Evolve: START HERE: Clean Slate

A Supportive and "Clean" Environment:
Once you have wrapped up the holidays its time to give your goodies away or dump them down the garbage disposal. Temptation is something that we have a hard time dealing with. Our bodies, when it comes to food, do not respond to restraint well. The only thing you can do is get those treats out of the house. Next, its time to replace those "bad eats" with healthy, new foods! Go to the store, use the perimeter to be your healthy guide to foods! Most of the processed foods are located in the center aisles! If you can, shop fresh and whole foods! Hoarding bad food choices inside your home will only sabotage your healthy lifestyle. Even if its a kid's favorite snack, its not good for them either- Get it out! Our ancestors never had to "buy" healthy foods, however, in the current world, food technology has created tasty, but unhealthy treats that are available 24/7, thus, we must try our best only to surround ourselves only with healthy foods just like old times.

Friday, December 25, 2009

Evolve: Recipe Box: Celery Root "Mash Potatoes"

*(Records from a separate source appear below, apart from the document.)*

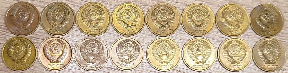 Описание аверса: Штемпель 1.12. герб приподнят к выступающему канту монеты, герб СССР - 15 витков ленты. Штемпель 1.12. звезда выпуклая со сглаженными гранями, гребенка остей справа с уступом, герб СССР - 15 витков ленты. Штемпель 1.13. звезда с четкими гранями, гребенка остей справа с уступом, герб СССР - 15 витков ленты. Штемпель 1.2. звезда с четкими гранями, гребенка справа без уступа, герб СССР - 15 витков ленты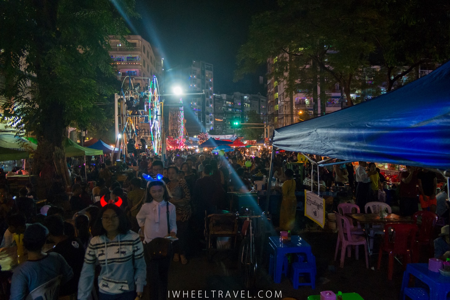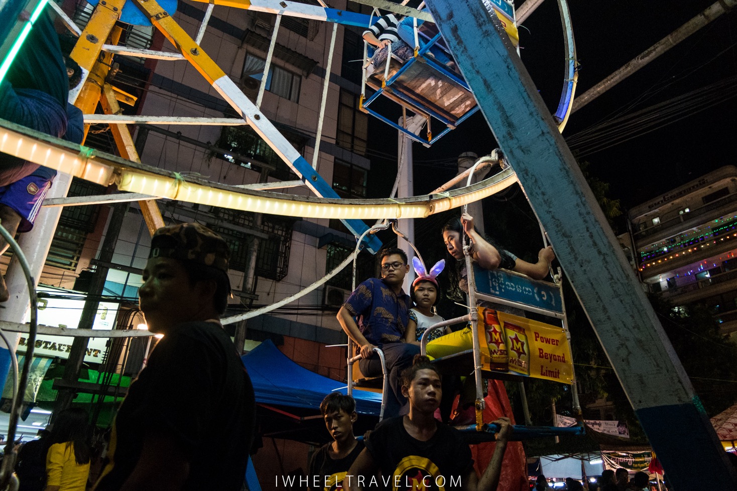 Quelques jours plus tard, la nuit tombée, l’ambiance a bien changé. La fête des lumières, connu sous le nom de festival Thadingyut, vient de commencer et les rues du centre-ville débordent de monde. Pendant plusieurs jours, chaque année, les bouddhistes du pays vont célébrer le retour de Bouddha sur terre après plusieurs mois passés à enseigner la philosophie bouddhiste à sa mère au paradis. Mais comme nous partons le lendemain nous ne verrons qu’une petite partie des festivités. Néanmoins nous pouvons ressentir l’engouement de la population qui s’amasse dans les rues, pose des bougies dans les pagodes ou sur les balcons et vient profiter des manèges et stands de nourriture.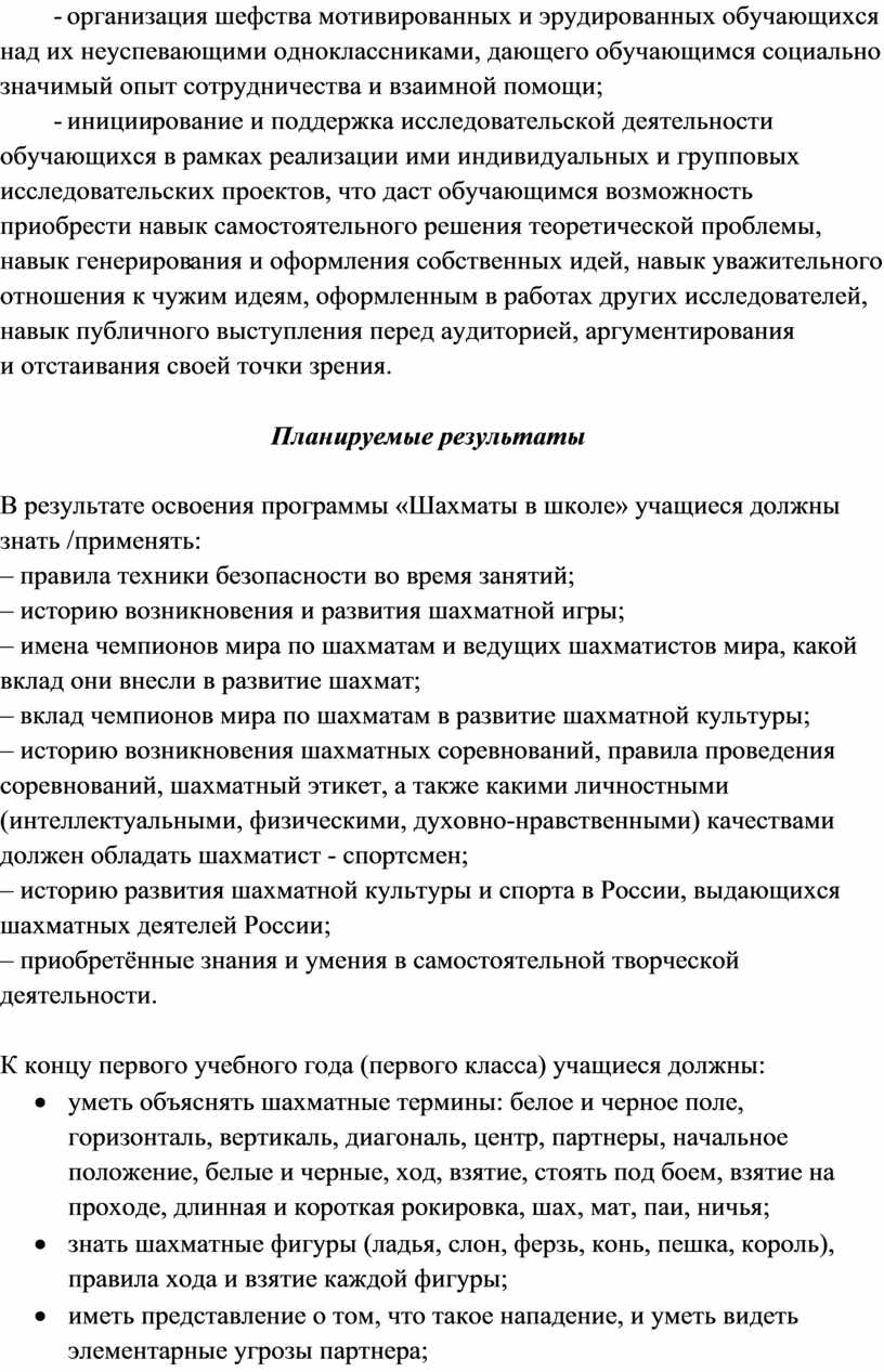 3. Программы к завершённой предметной линии учебников «Шахматы в школе» для 1-4 классов под редакцией Е.А. Прудниковой, Е.И. Волковой.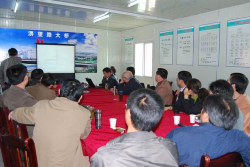 下午,觀摩團一行又驅車來到了金桃橋項目。參觀了現場后,在金寨縣賓館會議室觀摩團一行聽取了項目經理劉曉晗的匯報。隨后各單位技術負責人就項目的箱拱吊裝施工等關鍵技術作了討論和交流。鄭總對該橋目前進展情況表示滿意,并做了總結講話。同時對項目部積極探索和鉆研技術難點的精神表示贊賞。并對公司的質量技術管理工作提出要求,要求格式進一步結合深入學習實踐科學發(fā)展觀,繼續(xù)開展技術的開發(fā)挖掘,進行技術的集成創(chuàng)新,研究、提煉項目工法和專利,為集團公司技術創(chuàng)新多做工作,以增強集團公司的核心競爭力。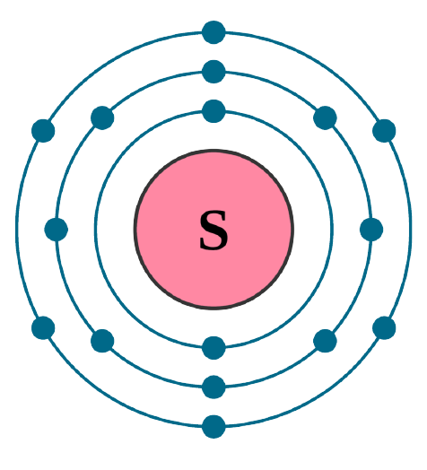 | চিত্রঃ সালফারের ইলেকট্রন বিন্যাস মডেল |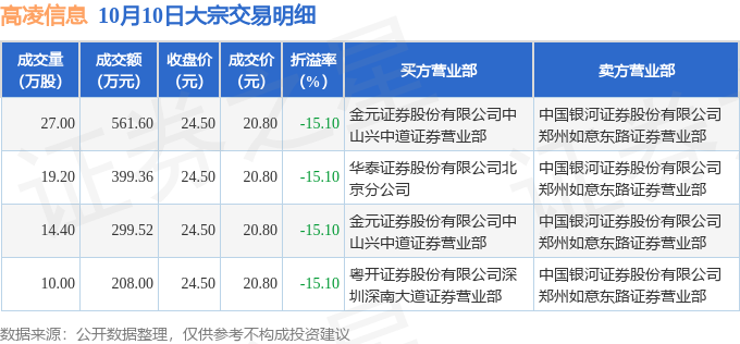 证券之星消息,10月10日高凌信息发生大宗交易,交易数据如下: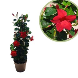 La dipladenia sanderi es de color rojo a rosado, aunque en la actualidad disponemos de mucho colores de flores, blancas, rosas, rosas anaranjadas, rojas, no soportar heladas, pero como planta anual plantada después del frio, es excepcional, con muchas flores toda la primavera, verano y otoño hasta que lleguen las bajas temperaturas.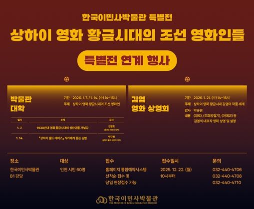 (시사미래신문) 인천광역시 시립박물관 분관 한국이민사박물관은 특별전 〈상하이 영화 황금시대의 조선 영화인들〉과 연계해 중국 영화 황제로 불렸던 배우 김염(金焰)의 대표 영화 작품 상영회를 개최한다.

Celery root is a type of celery that has a green top and a large white bulb that can be peeled and cut like a potato! This root can be used raw or cook and can be utilized like a potato.

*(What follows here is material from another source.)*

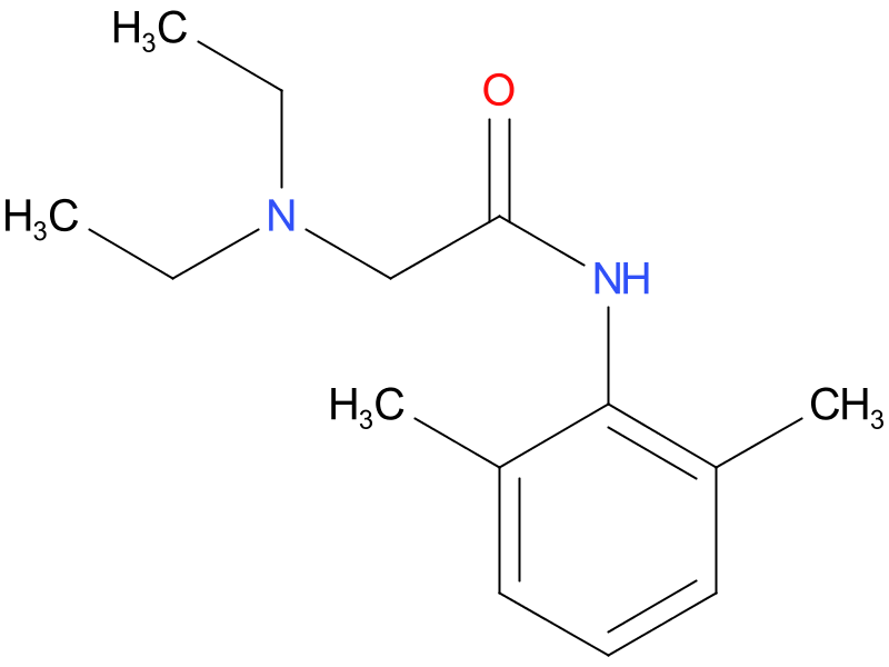 | lidocaine | A local anesthetic and cardiac depressant used as an antiarrhythmia agent. Its actions are more intense and its effects more prolonged than those of PROCAINE but its duration of action is shorter than that of BUPIVACAINE or PRILOCAINE. |

I posted this recipe in a prior Cooking News! I wanted to give you guys a replacement for the holiday potatoes. White potatoes have a high glycemic index (GI), which means that once consumed a person's blood sugar will be impacted at a greater extent than eating a lower GI food. Why is this bad? Well occasionally it is okay for your body to consume high GI foods (sugar, white bread) however, when high GI foods enter the body a chemical called insulin is released from the pancreas so that the the sugar molecules can be removed from the blood and used by the cells, however, too much sugar too often taxes the pancreas and sometimes when there is too much it cannot digest it all. This can cause a build up of excess sugar in the blood, which is turned to fat for storage. Lower GI foods do not create this rapid insulin dump and are digested more slowly. To place celery root in perspective, its GI is 5 and a white potato is 70, which is on the cuff of a HIGH glycemic food :-( Try celery root in 2010!

Check out this site to see more HIGH GI foods to avoid! GlycemicIndex


Ingredients: Serves 4
1-3 bulbs celery root- 2 cups
1/4 cup milk
2 Tablespoons butter
Salt/ Pepper

Directions:
1. Peel the outter skin of the celery root bulb. Cut the top and any excess bottom strings.
2. Cut root up in to 2 inch cubes.
3. Place in a medium pot and cover with water. Bring to a boil.
4. Boil for about 10 minutes until the root is soft when a fork is pressed inside.
5. Strain.
6. Place in a food processor or mixer or use a masher (I use a food processor).
7. Add milk, butter, salt/pepper.
8. Mix/Whip until creamy.

*Reduce fat by using chicken stock instead of milk
*Use cream cheese instead of butter
*Use caesar, ranch, or blue cheese dressing instead of milk
*Use 1/2 cup cheese instead of butter
*Add garlic

Evolve: 2010 Motivation is Key! Let's Kick it off Right!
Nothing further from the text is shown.